Para isso, a SAF pretende articular a demanda junto à Associação Nacional de Agroecologia. Aliás, demanda para isso existe de sobra, diz Intini. Entre 2003 e 2006, por exemplo, a SAF disponibilizou chamadas para projetos no valor total de R$ 40 milhões. Apesar de não ser direcionado especificamente para este fim, R$ 4,5 milhões deste montante foram aplicados em sementes, dos quais R$ 1,5 milhão no Nordeste. “São projetos que apareceram espontaneamente e que mostram a mobilização dos bancos”, explica.

Reaplicação

Não existe um passo a passo para implantação de um banco de sementes. Contudo, diversas entidades da ASA-Paraíba vêm apostando em visitas de intercâmbio para que os agricultores possam conhecer outras comunidades que possuam bancos de sementes funcionando. “É importante também que as famílias possam fazer um diagnóstico ou mapeamento das principais sementes encontradas na comunidade e seu grau de importância para as famílias. Essa medida facilita uma leitura do patrimônio genético daquela comunidade, e ajuda a decidir quais sementes serão armazenadas, multiplicadas e resgatadas”, avisa Emanoel da Silva, agrônomo do Patac.

Em muitos municípios, explicam os membros da Rede, foram constituídas comissões de agricultores e agricultoras responsáveis por articular os bancos e administrar o complexo sistema de intercâmbios de conhecimentos e sementes. Assim, em cada uma das regiões do estado existem articulações dos grupos gestores dos bancos de sementes. “A Rede apenas articula estas microrregiões. Para isso, fazemos intercâmbios com agricultores-experimentadores e trocas de sementes”, diz Vanúbia.

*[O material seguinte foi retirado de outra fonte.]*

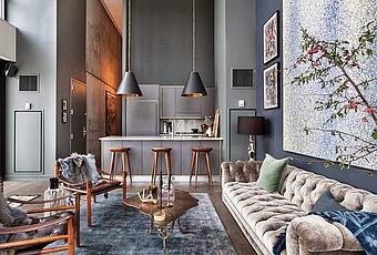En otoño, supongo que por el tema del frío, siempre apetecen casas llenas de texturas y tejidos "amorosos". Este elegante apartamento de dos plantas ubicado en la zona industrial "Dumbo" de Brooklyn, con impresionantes vistas al East River, nos ha encantado!Su diseño moderno y elegante, combina la estética industrial en tonos grises del hormigón y del acero, con muebles glamour total, piezas de arte, terciopelo, piel y cobre...Nos encanta su ambiente ecléctico y sus techos altísimos. Mucha luz, rincones con encanto y espacios con una decoración muy a la medida de sus habitantes.
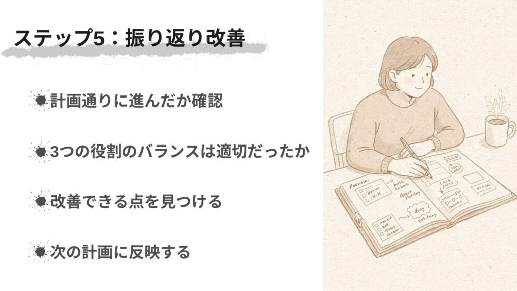 このステップの目的は、時間の使い方を振り返り、改善を重ねることです。
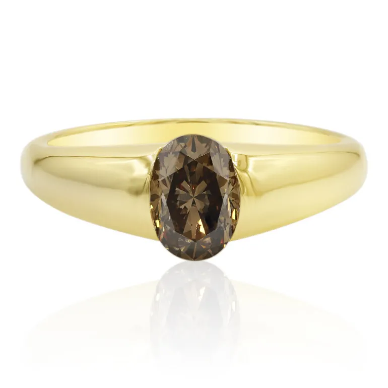 Entdecken Sie den Glanz dieses Rings aus 18 Karat Gelbgold mit einem australischen Cognac-Diamanten im Argyle-Schliff (0,867 Karat), der durch seinen ovalen Schliff besticht und ein auffälliges Herzstück bildet. Mit einer Größe von 23 x 20 mm und einem Gewicht von ca. 4,23 g ist dieses Schmuckstück ein Zeugnis von Luxus. Er ist ideal für elegante Soireen oder als glamouröser Alltagsschmuck und spiegelt Ihren anspruchsvollen Geschmack wider. Kombinieren Sie es mit Ihrer Lieblingsabendgarderobe für einen wirklich opulenten Look.
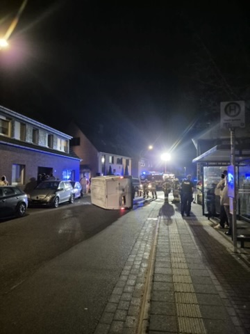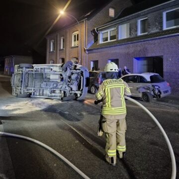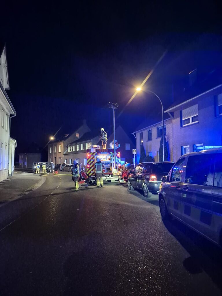 Ein Fahrzeug beschädigte beim Vorbeifahren drei geparkte PKW und kam dabei selbst auf der Seite auf der entgegenkommenden Fahrspur zum Stehen. Der Fahrer wurde durch Ersthelfer befreit und betreut ehe der Rettungsdienst diesen übernahm und später in ein naheliegendes Krankenhaus verbrachte. Die Feuerwehrkamerad:innen stellten aufgrund auslaufenden Kraftstoffes den Brandschutz sicher und sicherten gleichzeitig die Einsatzstelle gegen den fließenden Verkehr ab. Ebenfalls wurden Maßnahmen ergriffen, um die Kanalisation vor den auslaufenden Betriebsstoffen zu schützen.

Há, por exemplo, a Rede Sementes do Alto Sertão, que reúne 90 bancos de sementes. Na região da Borborema, o Pólo Sindical formou uma comissão de agricultores e agricultoras que gerencia uma rede de 80 bancos comunitários. No Cariri e no Seridó, o Coletivo Regional organiza a rede, articulando aproximadamente 200 agricultoras e agricultores inovadores. O mesmo ocorre no sertão, no Curimataú, no Coletivo ASA Cariri Ocidental (Casaco), no Fórum de Lideranças do Agreste (Folia), no brejo e no litoral.

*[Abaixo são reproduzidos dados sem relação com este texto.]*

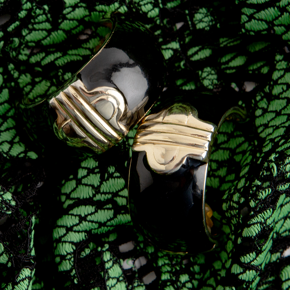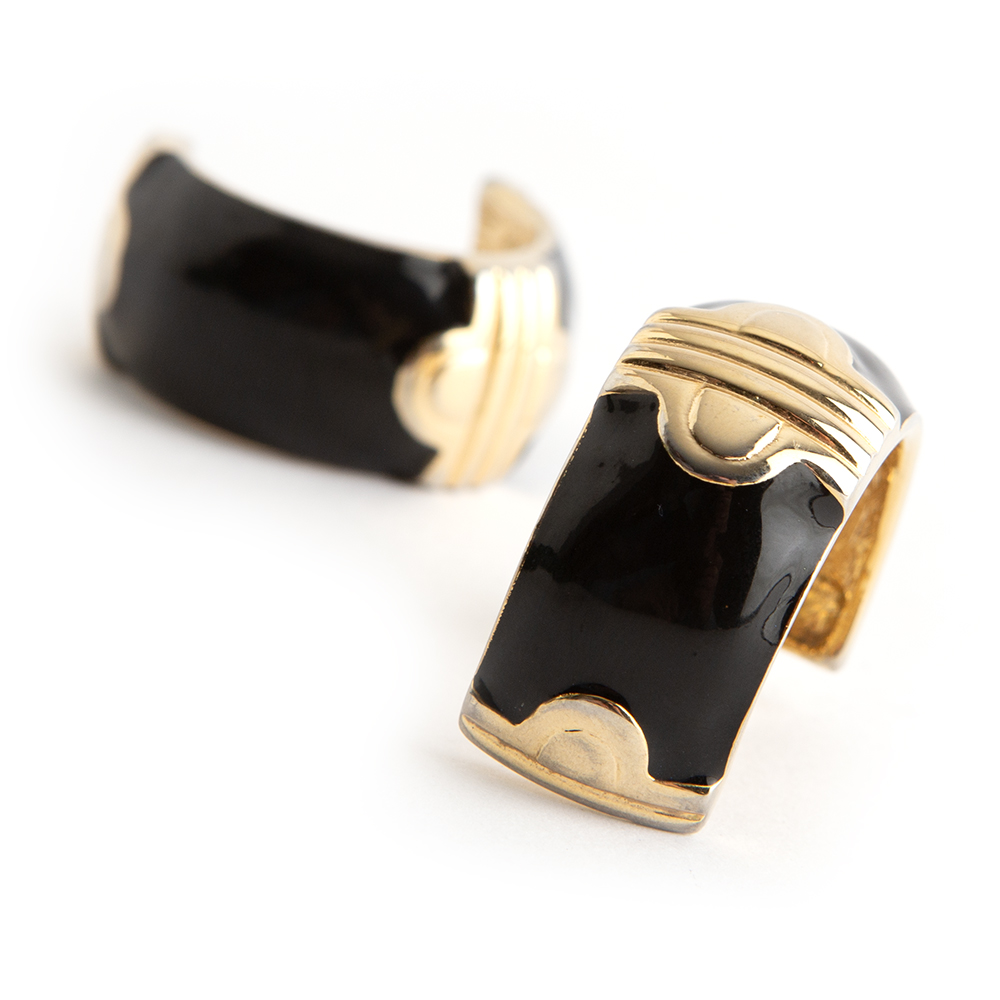 Crafted from matte gold toned and black enamel half hoop shape with clip on construction earrings by Givenchy can be worn on any occasion.
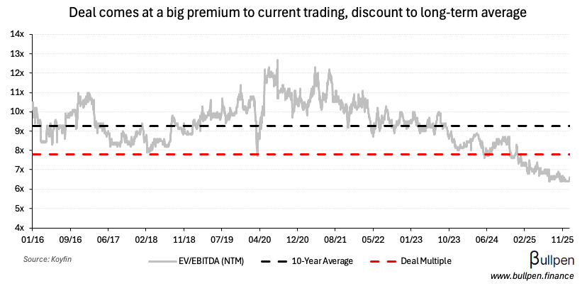 … but over a full turn below its long-term average multiple, driven by six straight quarters of negative organic growth…
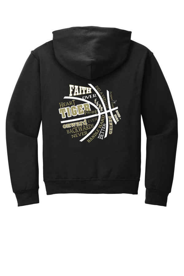Description 8-ounce 50/50 cotton/poly NuBlend pill-resistant fleece. High stitch density for a smooth printing canvas Two-ply hood with grommets and dyed-to-match tipped and knotted drawcord1x1 rib knit in cuffs and waistband Front pouch pocket Double-needle cover seamed neck armholes and waistband
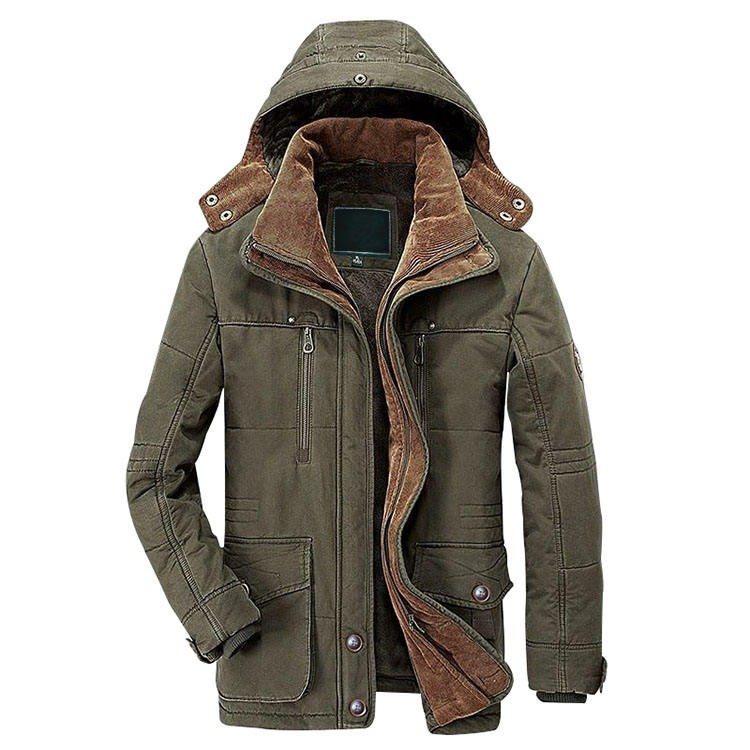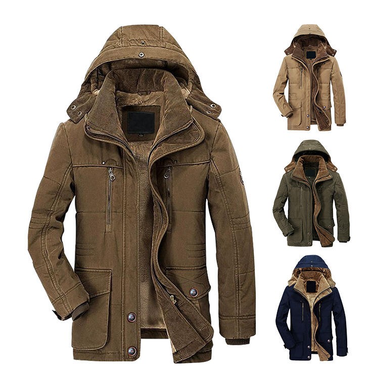 Winter Brown Thick Warm Cotton Windbreaker Jacket Hooded Parka Men's Jacket Coat
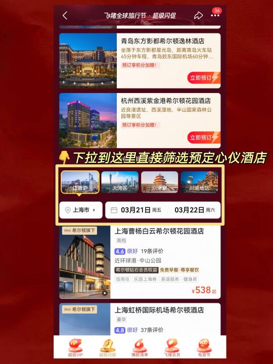 📝打开飞猪旅行app,🔍闪促真划算 就可以找到活动会场啦
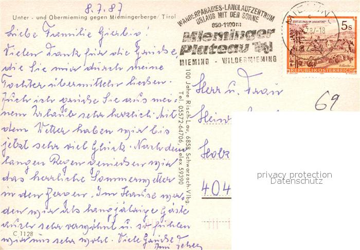 73339418 alte Postkarte Mieming Fliegeraufnahme Mieminger-Plateau postalisch gelaufen Erhaltung siehe scans [LiesaD40] KatCode: 11390334070209
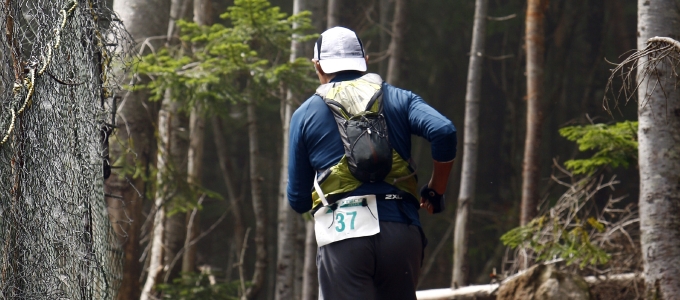 ゲレンデを登り切り、エイドステーション(※)を越えると、今度は森林をひたすらに登っていく。白根山登山のコースにも重なるが、ハイキング気分などはほど遠い。目印となる白いビニールと、先行するアスリートが残すわずかな足跡を頼りに、森林を分け入っていくのだ。登り、走り、滑り、歩き、登る。平坦に感じられる道も、実は緩やかな登り坂になっているところが多い。じわじわと疲労が忍び寄ってくる。
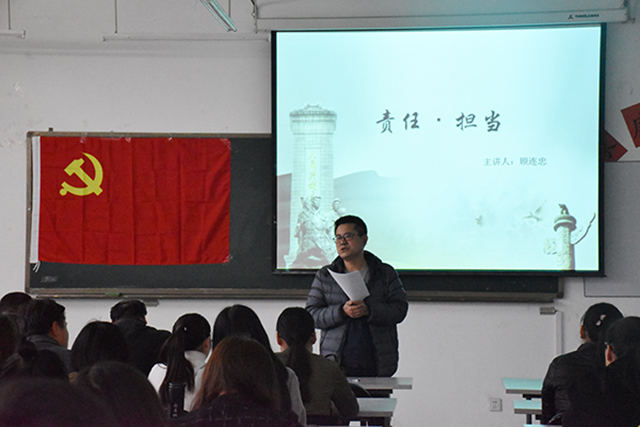 顾连忠以“责任·担当”为主题,为学生党员讲党课。他结合习近平总书记在全国高校思想政治工作会议和省委书记赵克志在河北省高校思想政治工作会议上的讲话精神,围绕学校“十三五”规划和“双一流”建设任务,给党员同志提出明确要求。他指出,学生党员要强化责任意识,不断加强政治理论学习,努力提高思想水平、政治觉悟和道德品质,做一名敢于担当,甘于奉献的合格党员,这是一种思想境界,更是党性的要求。学院注重培养学生综合素质,着力提升学生科研能力、从教素质、动手能力,他要求党员同志要在人才培养的各个环节做好自己,榜样引领,带动学生队伍沿着正确的方向健康发展。
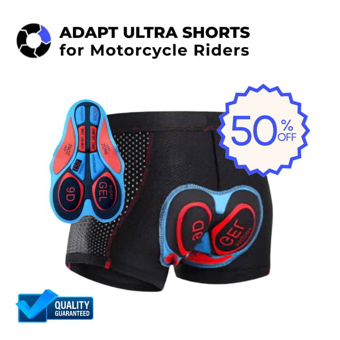 If you’re suffering butt and back pain, chafing, redness, discomfort, or anything that makes it hard to ride, Adapt Ultra Shorts for Motorcycle Riders may be the solution you’re looking for!
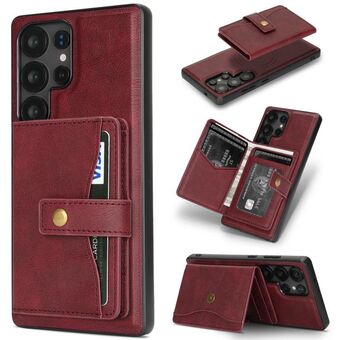 For Samsung Galaxy S22 Ultra 5G Kalebol Magnetic Button Card Bag MagSafe Ring Leather Phone Case(Red) (Kalebol)

A Rede Sementes da Paraíba, por sua vez, realiza suas avaliações e planejamentos por meio de uma comissão estadual composta por representações dessas diferentes redes microrregionais. Trata-se, portanto, de uma rede de redes. Cada comunidade ou região tem sua autonomia e formas próprias de gestão, mas todas se reúnem para a Festa da Semente da Paixão, momento de celebração que serve também para reafirmação política dos princípios do grupo, como no caso da crítica aos transgênicos. Ao todo já foram quatro edições. A próxima será em julho de 2009, quando os agricultores também vão aproveitar para trocar experiências.

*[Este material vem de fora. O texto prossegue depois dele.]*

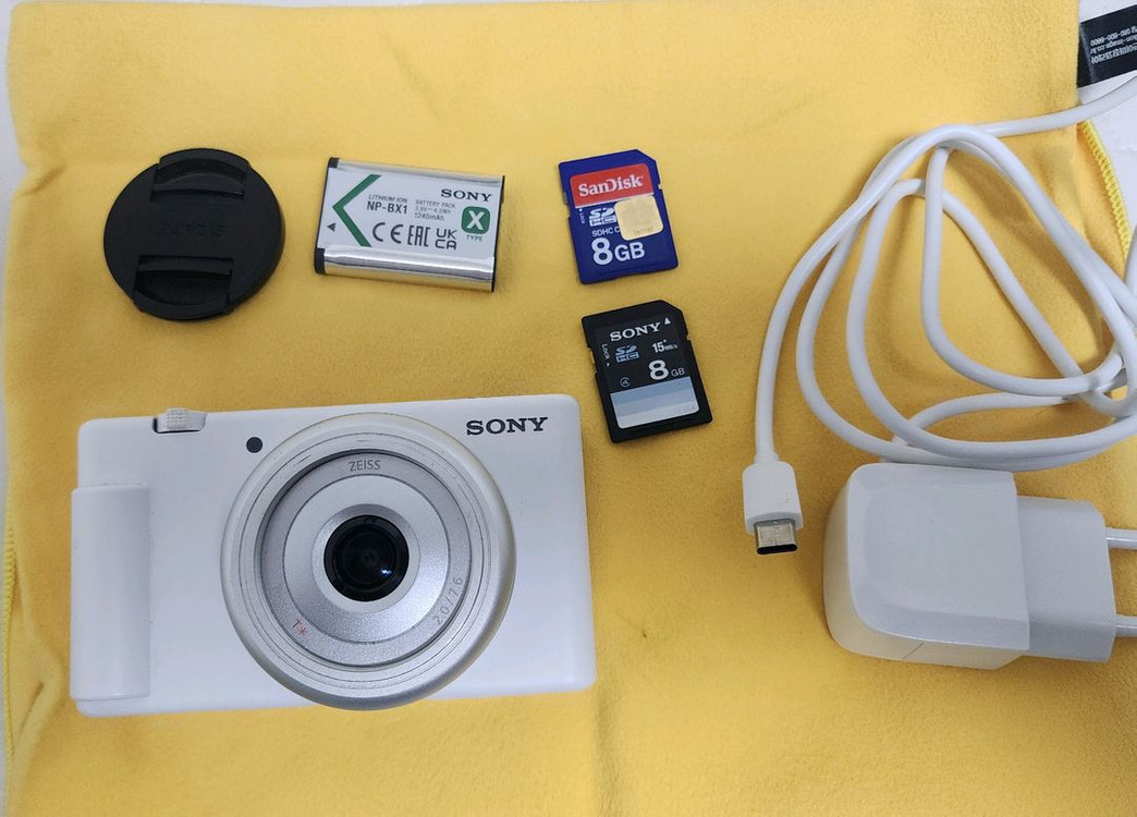 소니 ZV-1F 화이트 브이로그 카메라입니다. 구성품 카메라 본품/ 충전기/배터리 1/ 8G sd 카드 2ea 추가로 joby 고릴라포드 삼각대 구성입니다. 사용감 있습니다만 전반적으로 깨끗합니다. 사진 참고하세요 택배등은 뽁뽁이등 잘 포장해서 보내드리겠습니다 직거래는 서울 상암쪽입니다. 적당한거리는 조율가능합니다.
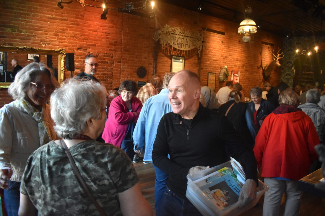 - People wait by the dozens outside The Grand before the Mary Hartten fabric sale in Oct. 2023. Chris Hartten said there was a crowd outside 30 minutes before the sale began. File photo by Dan Olson
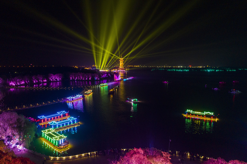 與往年相比,今年,姜堰充分挖掘水資源,致力拉長旅游產(chǎn)業(yè)鏈,大手筆新增溱湖水上游線夜游演藝項目,全力發(fā)展夜游、夜娛、夜演等旅游“新”形式,讓河湖“流光溢彩”“流金淌銀”,實現(xiàn)白天一景、夜晚一夢的旅游新模式,打造“白+黑”“5+2”的旅游新極點。 4月7日晚,“一夢到溱湖”水上行進(jìn)式燈光秀開啟首秀,姜堰的民俗、非遺、傳說、會船文化等,在五光十色中繽紛呈現(xiàn)。游客們乘坐水上巴士,夜枕一湖明月,坐賞槳聲燈影,親身體驗一個別樣的溱湖濕地。
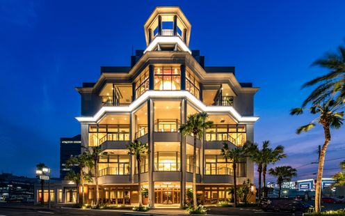 与次郎の海沿いに建ち、桜島を正面に望むゲストハウス。

“Mesmo estando numa mesma região, esses municípios têm características de solo, vegetação e pluviosidade que os diferenciam, e cada uma dessas particularidades exige um tipo de semente que se adapte melhor”, explica Emanoel.

Vanúbia vai além. É que, segundo ela, variedades diferentes de semente podem apresentar desempenho diferente num mesmo local se houver diferença marcante no regime de chuvas daquele ano, por exemplo. “Dependendo do inverno que se apresente, o agricultor sabe qual semente utilizar. Se chove muito, ele pode usar um tipo de feijão. Se chove pouco, usa outro”, diz.